EXERCISE OBJECTIVE » When you write out the listing, keep every word as it stands and drop the pictures.

════════════════

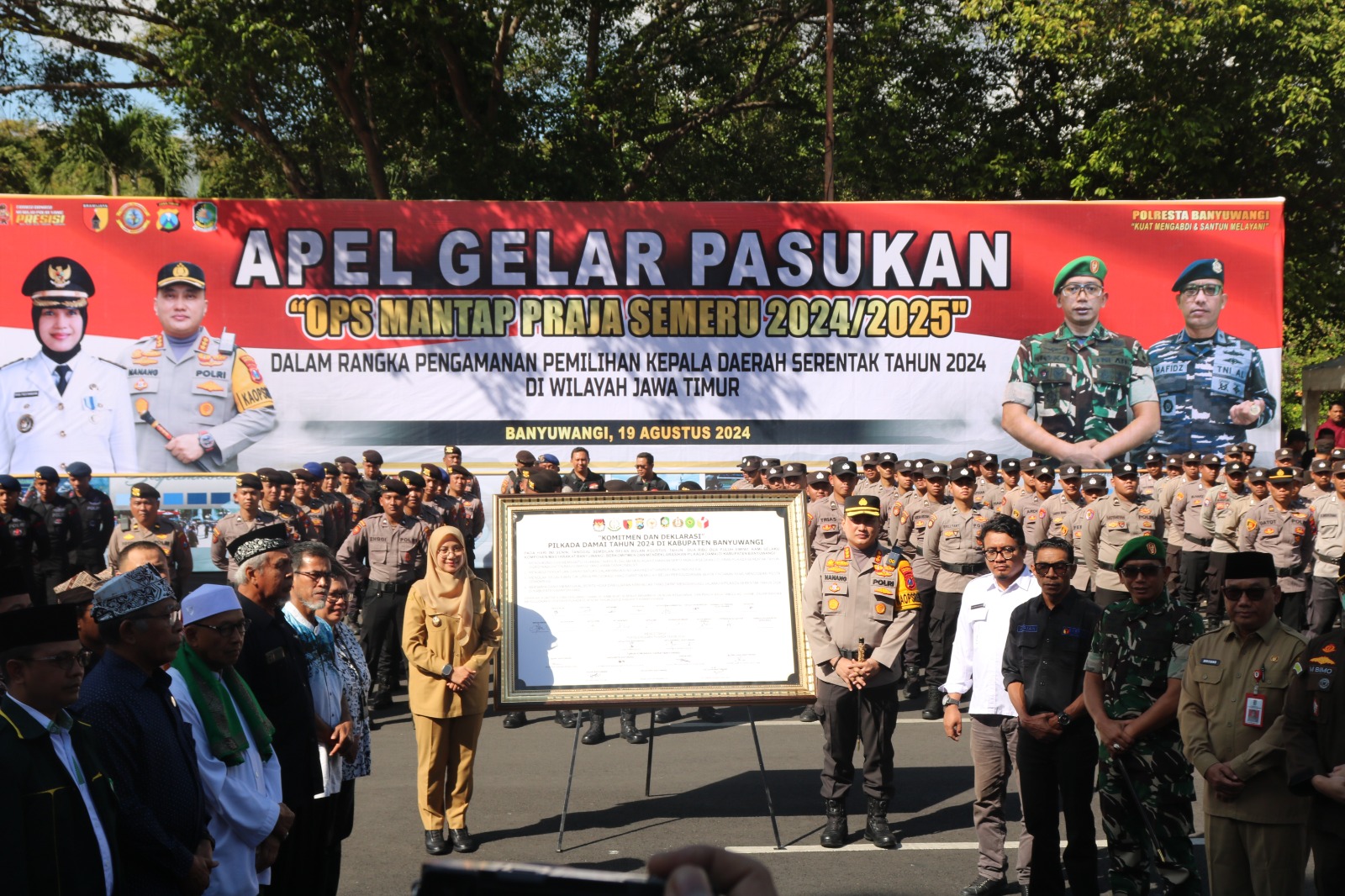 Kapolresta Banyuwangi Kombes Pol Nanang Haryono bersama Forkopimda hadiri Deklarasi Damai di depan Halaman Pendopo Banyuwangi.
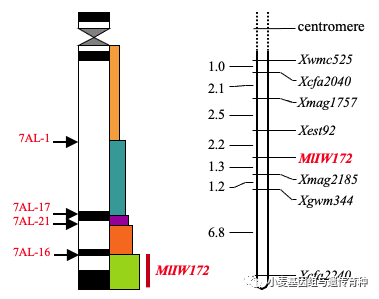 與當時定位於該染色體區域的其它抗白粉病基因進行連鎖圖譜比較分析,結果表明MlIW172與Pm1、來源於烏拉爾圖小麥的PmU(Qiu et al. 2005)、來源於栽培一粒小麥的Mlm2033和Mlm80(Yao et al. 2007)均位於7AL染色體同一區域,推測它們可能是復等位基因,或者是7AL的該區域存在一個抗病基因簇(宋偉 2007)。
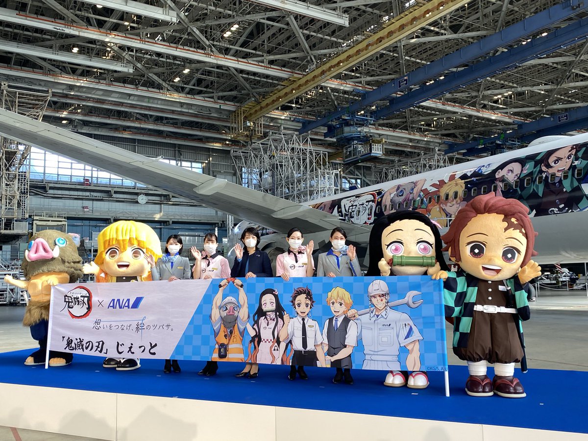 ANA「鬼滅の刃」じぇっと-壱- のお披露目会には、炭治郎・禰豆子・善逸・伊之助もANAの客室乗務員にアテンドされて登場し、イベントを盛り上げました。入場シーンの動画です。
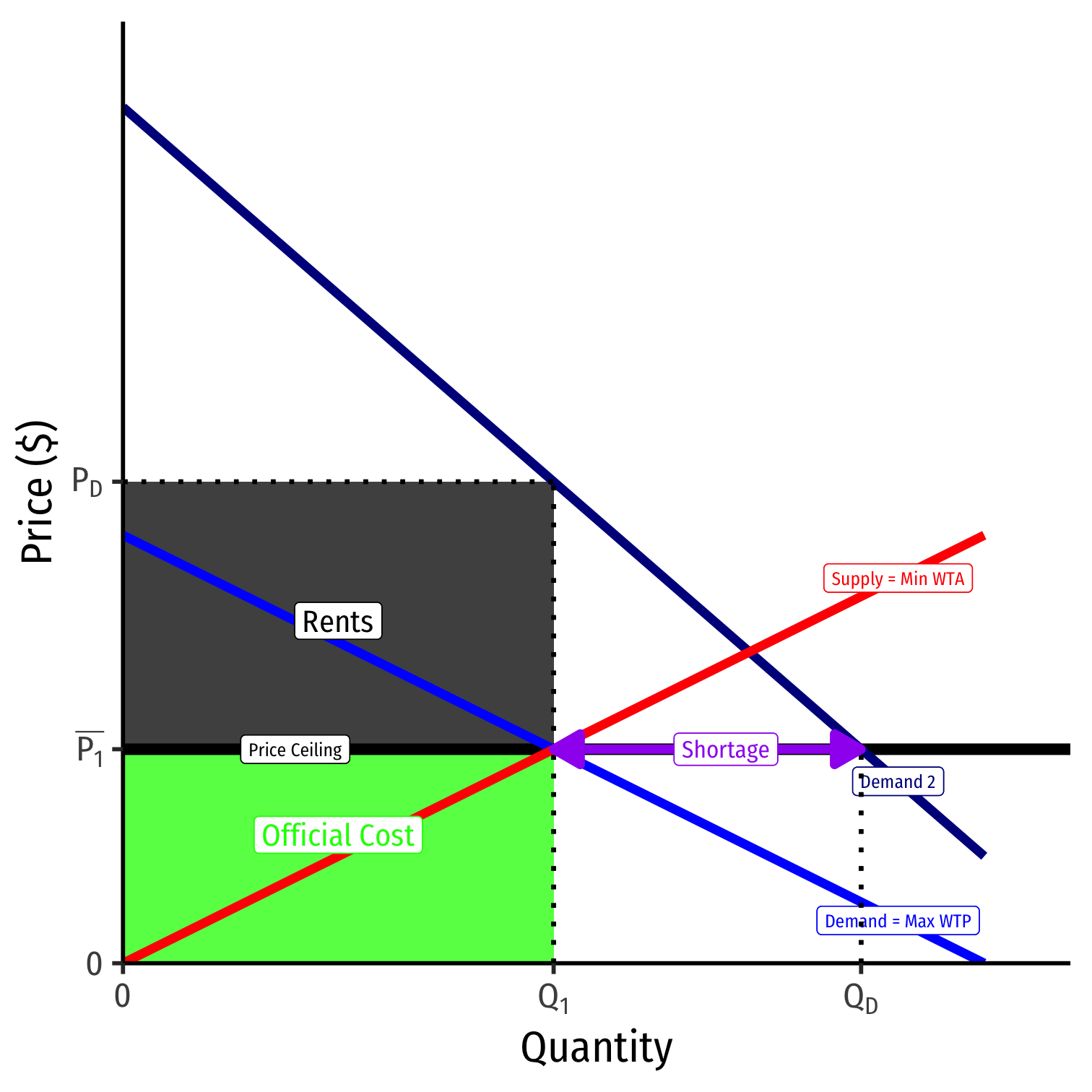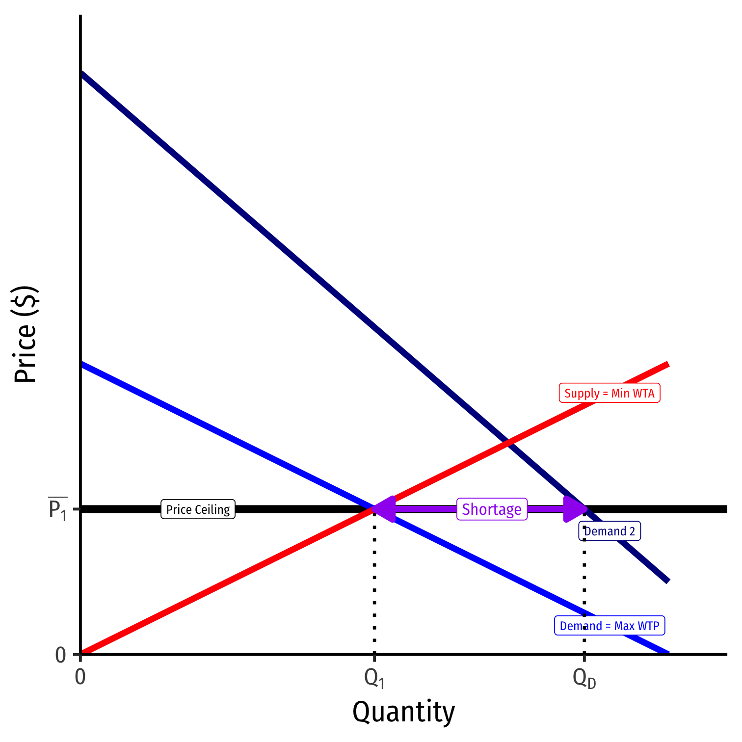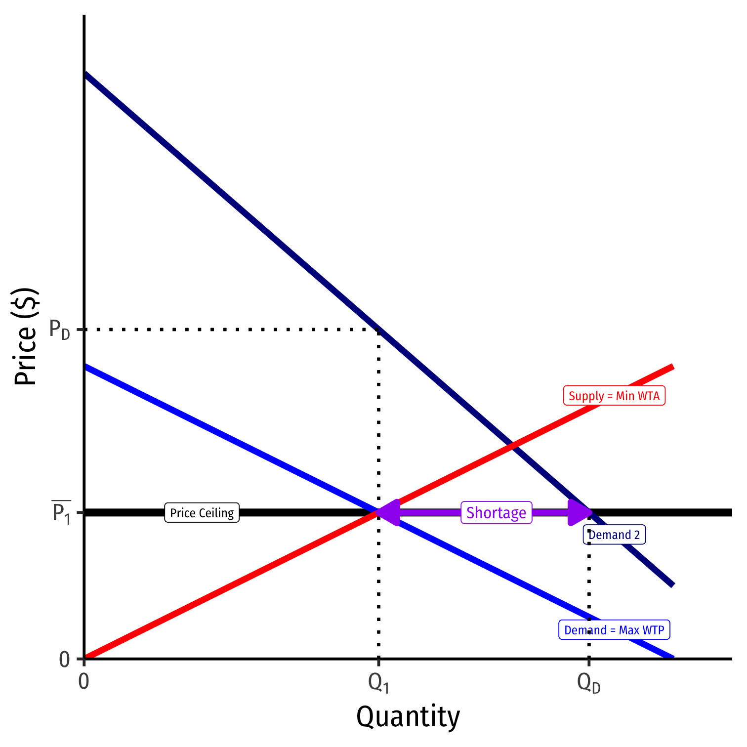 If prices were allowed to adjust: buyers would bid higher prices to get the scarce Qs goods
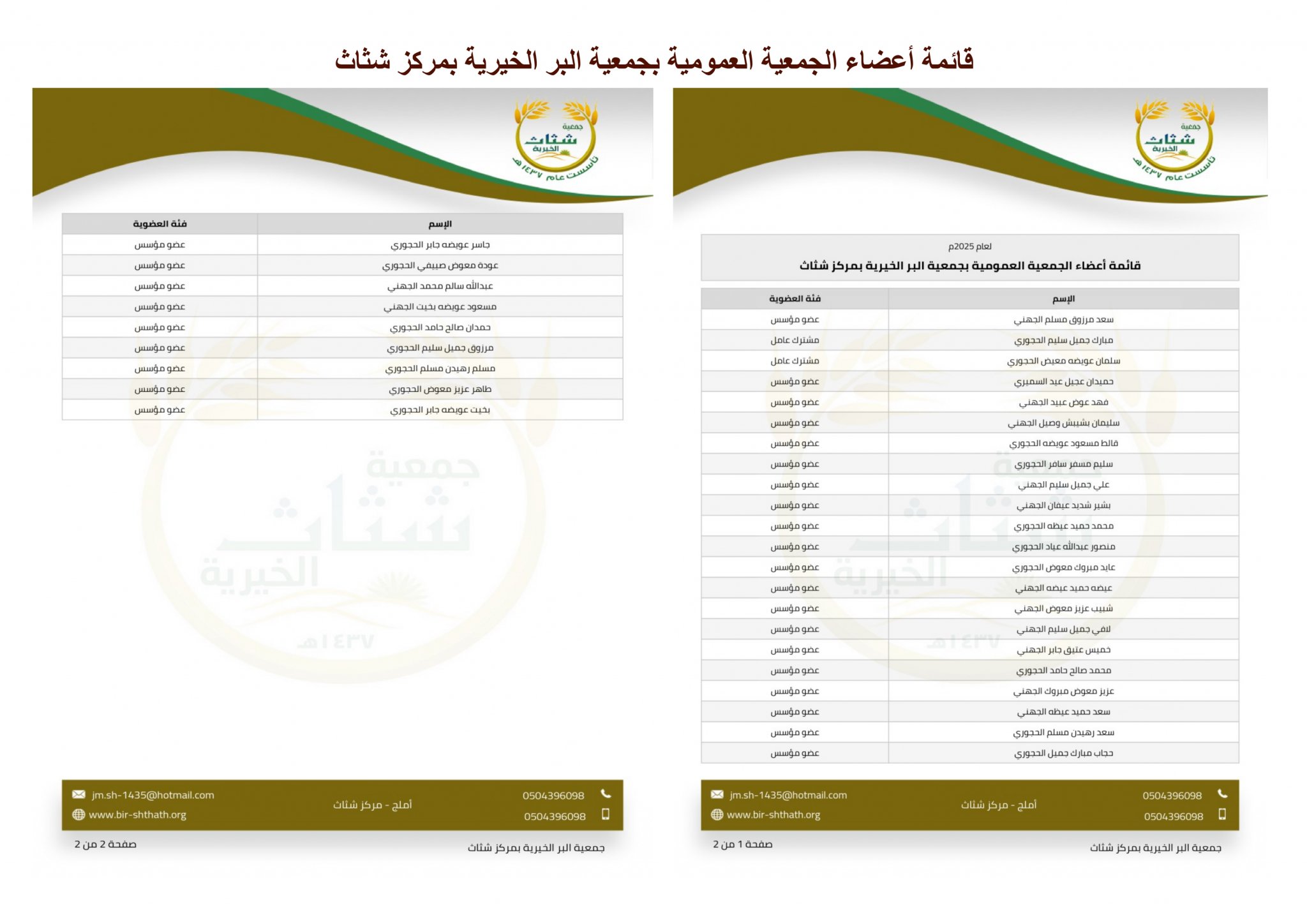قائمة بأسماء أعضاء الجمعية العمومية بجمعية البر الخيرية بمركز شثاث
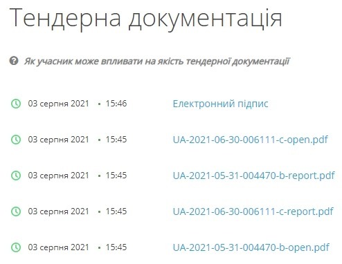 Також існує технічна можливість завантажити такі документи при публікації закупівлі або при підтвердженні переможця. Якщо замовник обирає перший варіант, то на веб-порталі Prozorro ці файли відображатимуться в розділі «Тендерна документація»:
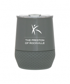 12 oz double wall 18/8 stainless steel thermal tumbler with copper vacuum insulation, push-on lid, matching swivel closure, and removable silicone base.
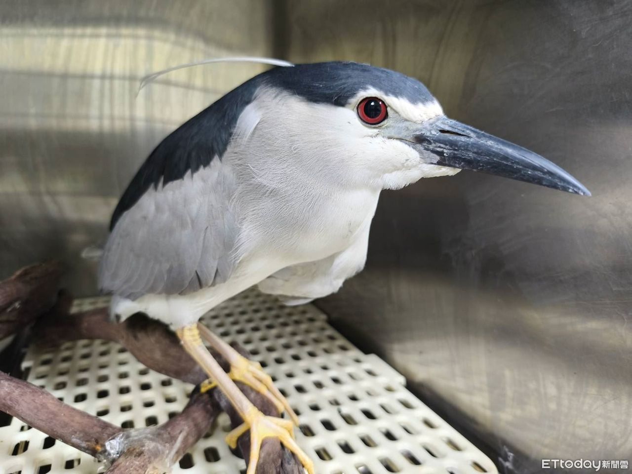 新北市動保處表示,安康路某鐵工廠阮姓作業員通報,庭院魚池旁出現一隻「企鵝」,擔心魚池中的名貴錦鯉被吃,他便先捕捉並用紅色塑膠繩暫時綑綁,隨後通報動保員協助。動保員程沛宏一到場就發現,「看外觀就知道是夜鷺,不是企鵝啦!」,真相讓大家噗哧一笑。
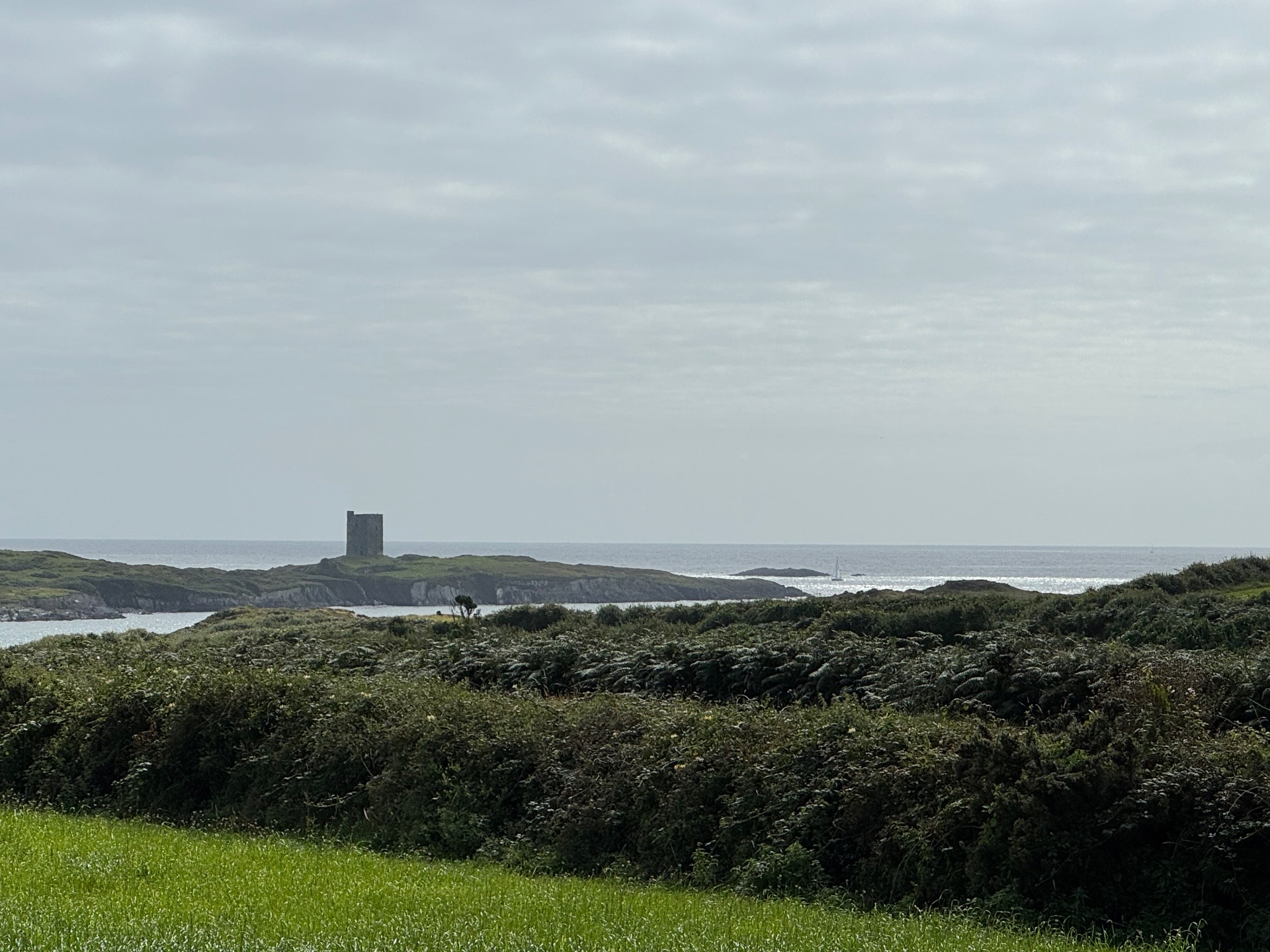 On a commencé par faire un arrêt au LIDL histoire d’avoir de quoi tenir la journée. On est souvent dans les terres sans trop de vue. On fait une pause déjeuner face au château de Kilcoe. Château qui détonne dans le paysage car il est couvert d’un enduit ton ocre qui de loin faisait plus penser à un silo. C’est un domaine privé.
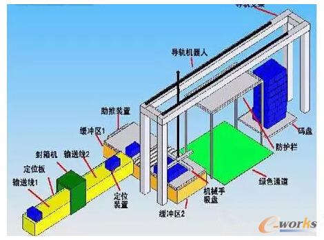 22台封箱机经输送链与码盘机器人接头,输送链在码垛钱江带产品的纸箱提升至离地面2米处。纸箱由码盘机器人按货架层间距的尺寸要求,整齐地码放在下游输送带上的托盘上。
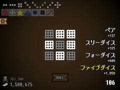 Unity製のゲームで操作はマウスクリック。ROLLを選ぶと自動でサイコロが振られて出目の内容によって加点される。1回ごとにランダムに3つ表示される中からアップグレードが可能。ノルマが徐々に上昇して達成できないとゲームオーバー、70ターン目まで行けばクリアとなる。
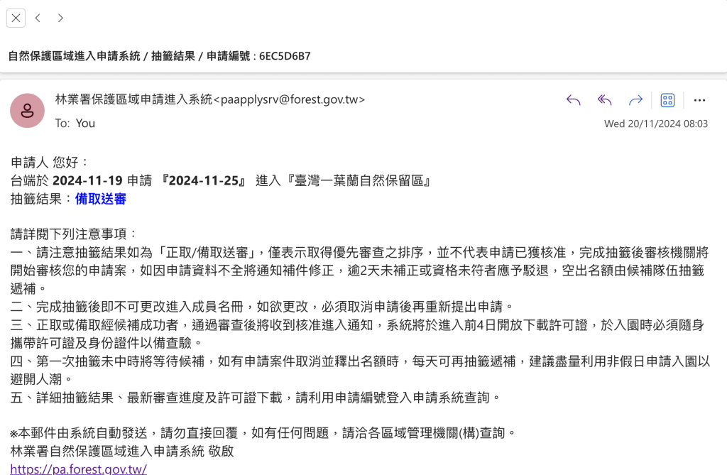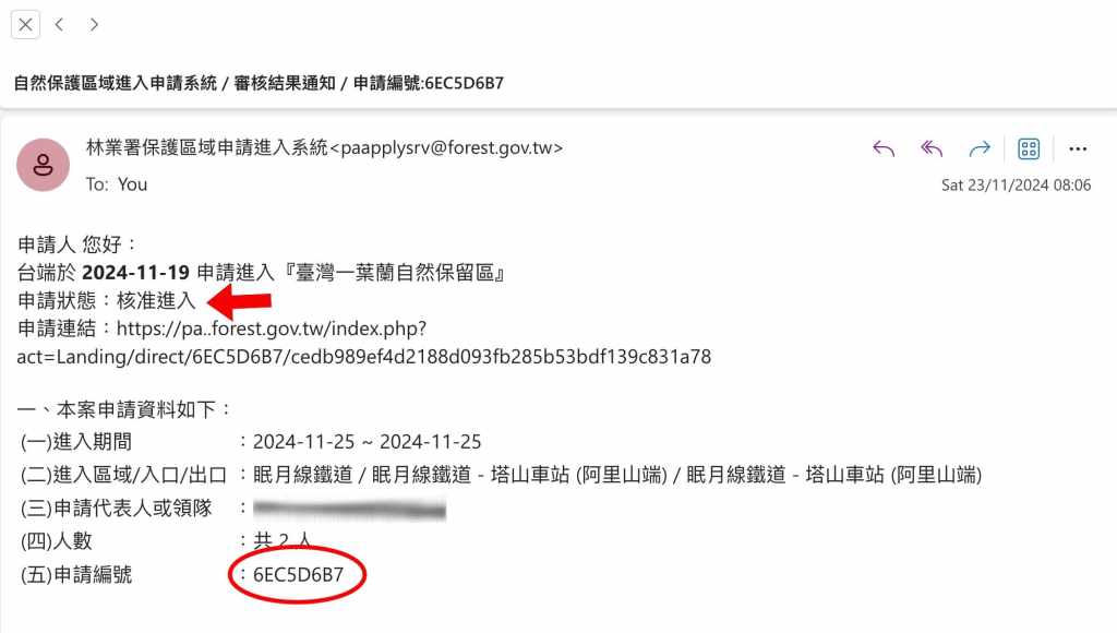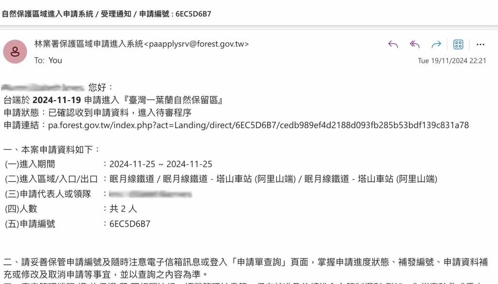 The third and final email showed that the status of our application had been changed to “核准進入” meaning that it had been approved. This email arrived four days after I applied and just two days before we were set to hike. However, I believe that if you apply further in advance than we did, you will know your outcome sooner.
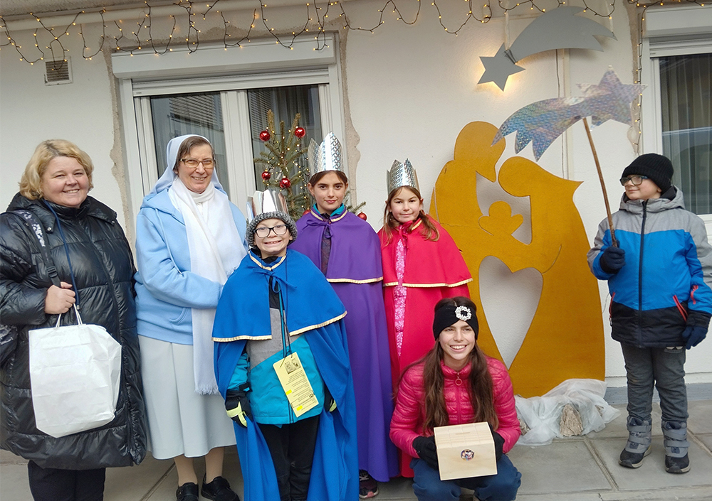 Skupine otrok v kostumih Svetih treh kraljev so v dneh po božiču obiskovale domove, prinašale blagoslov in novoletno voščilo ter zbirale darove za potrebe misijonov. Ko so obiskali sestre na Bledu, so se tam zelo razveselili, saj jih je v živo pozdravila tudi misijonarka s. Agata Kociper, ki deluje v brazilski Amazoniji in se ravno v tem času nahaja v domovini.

════════════════

TASK OUTPUT »
 Kapolresta Banyuwangi Kombes Pol Nanang Haryono bersama Forkopimda hadiri Deklarasi Damai di depan Halaman Pendopo Banyuwangi.
 與當時定位於該染色體區域的其它抗白粉病基因進行連鎖圖譜比較分析,結果表明MlIW172與Pm1、來源於烏拉爾圖小麥的PmU(Qiu et al. 2005)、來源於栽培一粒小麥的Mlm2033和Mlm80(Yao et al. 2007)均位於7AL染色體同一區域,推測它們可能是復等位基因,或者是7AL的該區域存在一個抗病基因簇(宋偉 2007)。
 ANA「鬼滅の刃」じぇっと-壱- のお披露目会には、炭治郎・禰豆子・善逸・伊之助もANAの客室乗務員にアテンドされて登場し、イベントを盛り上げました。入場シーンの動画です。
 If prices were allowed to adjust: buyers would bid higher prices to get the scarce Qs goods
قائمة بأسماء أعضاء الجمعية العمومية بجمعية البر الخيرية بمركز شثاث
 Також існує технічна можливість завантажити такі документи при публікації закупівлі або при підтвердженні переможця. Якщо замовник обирає перший варіант, то на веб-порталі Prozorro ці файли відображатимуться в розділі «Тендерна документація»:
 12 oz double wall 18/8 stainless steel thermal tumbler with copper vacuum insulation, push-on lid, matching swivel closure, and removable silicone base.
 新北市動保處表示,安康路某鐵工廠阮姓作業員通報,庭院魚池旁出現一隻「企鵝」,擔心魚池中的名貴錦鯉被吃,他便先捕捉並用紅色塑膠繩暫時綑綁,隨後通報動保員協助。動保員程沛宏一到場就發現,「看外觀就知道是夜鷺,不是企鵝啦!」,真相讓大家噗哧一笑。
 On a commencé par faire un arrêt au LIDL histoire d’avoir de quoi tenir la journée. On est souvent dans les terres sans trop de vue. On fait une pause déjeuner face au château de Kilcoe. Château qui détonne dans le paysage car il est couvert d’un enduit ton ocre qui de loin faisait plus penser à un silo. C’est un domaine privé.
 22台封箱机经输送链与码盘机器人接头,输送链在码垛钱江带产品的纸箱提升至离地面2米处。纸箱由码盘机器人按货架层间距的尺寸要求,整齐地码放在下游输送带上的托盘上。
 Unity製のゲームで操作はマウスクリック。ROLLを選ぶと自動でサイコロが振られて出目の内容によって加点される。1回ごとにランダムに3つ表示される中からアップグレードが可能。ノルマが徐々に上昇して達成できないとゲームオーバー、70ターン目まで行けばクリアとなる。
 The third and final email showed that the status of our application had been changed to “核准進入” meaning that it had been approved. This email arrived four days after I applied and just two days before we were set to hike. However, I believe that if you apply further in advance than we did, you will know your outcome sooner.
 Skupine otrok v kostumih Svetih treh kraljev so v dneh po božiču obiskovale domove, prinašale blagoslov in novoletno voščilo ter zbirale darove za potrebe misijonov. Ko so obiskali sestre na Bledu, so se tam zelo razveselili, saj jih je v živo pozdravila tudi misijonarka s. Agata Kociper, ki deluje v brazilski Amazoniji in se ravno v tem času nahaja v domovini.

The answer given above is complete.